A Lightweight, Secure Authentication Model for the Smart Agricultural Internet of Things

The advancement of smart agriculture, with information technology serving as a pivotal enabling factor, plays a crucial role in achieving food security, optimizing production efficiency, and preserving the environment. Simultaneously, wireless communication technology holds a critical function within the context of applying the Internet of Things in agriculture. In this research endeavor, we present an algorithm for lightweight channel authentication based on frequency-domain feature extraction. This algorithm aims to distinguish between authentic transmitters and unauthorized ones in the wireless communication context of a representative agricultural setting. To accomplish this, we compiled a dataset comprising legitimate and illegitimate communication channels observed in both indoor and outdoor scenarios, which are typical in the context of smart agriculture. Leveraging its exceptional perceptual capabilities and advantages in parallel computing, the Transformer has injected fresh vitality into the realm of signal processing.
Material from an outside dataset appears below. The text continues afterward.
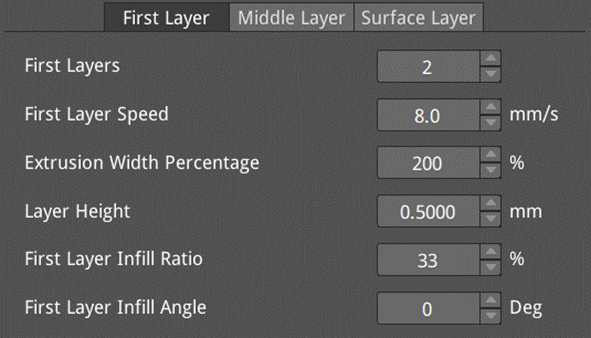 Note: Please don’t set the value of Second Layer Z Lift to be too large, otherwise it may cause excessively big gaps between the first layer and the second layer.

Consequently, we opted for the lightweight MobileViT as our foundational model and designed a frequency-domain feature extraction module to augment MobileViT's capabilities in signal processing. During the validation phase, we conducted a side-by-side comparison with currently outstanding ViT models in terms of convergence speed, precision, and performance parameters. Our model emerged as the frontrunner across all aspects, with FDFE-MobileViT achieving precision, recall, and F-score rates of 96.6%, 95.6%, and 96.1%, respectively. Additionally, the model maintains a compact size of 4.04 MB. Through comprehensive experiments, our proposed method was rigorously verified as a lighter, more efficient, and more accurate solution.